Face the King is An Indie Band With An Arena Ready Sound

Culture

In anticipation of their first studio album, the members of Face The King find themselves at an interesting crossroads. The New York natives continue to toe the line between DIY indie and arena rock, but are becoming more polished with each EP. After the quartet's latest effort, The Sound, you can imagine that the arenas are coming soon.

Face The King has a respectable body of work that includes stints on Vans Warped Tour and a sold-out show at Manhattan's Grammercy Theater. On The Sound, they reach out for more, beginning with thumping drums and rolling bass on "You Me & the Sound." The song, which serves as the band's latest single, is buoyed by Eric Zirlinger's radio-ready vocals and an angsty, if not catchy chorus. "Can you feel the drums coming up through the ground?" Zirlinger asks. It has to be a rhetorical question: drummer Randy Palumbo dominates the record, a theme throughout the EP.

While "You Me & the Sound" touts pop sensibility, the subsequent "All the Pretty Things Between" stretches the band's sound beyond typical teenage romantics. "All the Pretty Things Between" suffers from a distracting vocal reverb, but compensates with U2-style guitar and more big vocals from Zirlinger on the hook. It's ultimately the EP's most aesthetically and sonically pleasing cut, making "All the Pretty Things Between" aptly named.

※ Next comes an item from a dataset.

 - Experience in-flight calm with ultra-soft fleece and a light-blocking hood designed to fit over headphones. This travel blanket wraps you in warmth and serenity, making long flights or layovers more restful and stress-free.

Crashing percussion and soft guitar riffs power "The Stage," an accurate reflection of where Face The King stands at the moment. "Well I just wanna be on the stage when the lights go down," Zirlinger belts. The lyrics are a little skimpy, but the band commands attention with another huge hook.

The EP concludes with "The Science Apart," the EP's most consistent song. Zirlinger's pipes are perfect for the song's rising and falling tempos, and while lyrics run repetitive again, the cohesiveness of the guitar, bass, and drums makes for another successful track.

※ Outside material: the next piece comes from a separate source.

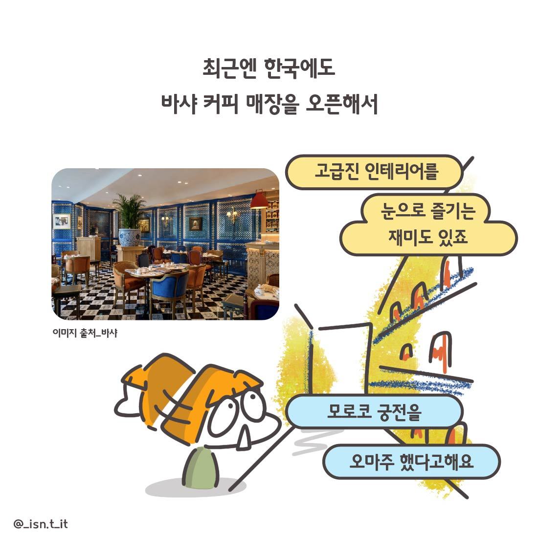 최근엔 한국에도 바샤 커피 매장을 오픈해서 (고급진 인테리어를 눈으로 즐기는 재미도 있죠. 모로코 궁전을 오마주했다고해요)

Face The King benefits from talented musicianship, something that's lost far too often in up-and-coming indie acts. Zirlinger has the voice to carry the band to its arena aspirations, but the songwriting is what keeps it grounded with uninspired Warped Tour company. Still, the good well outweighs the bad, and as Face The King faces its first full-length, all it has to do is keep churning out The Sound that has it buzzing in the first place.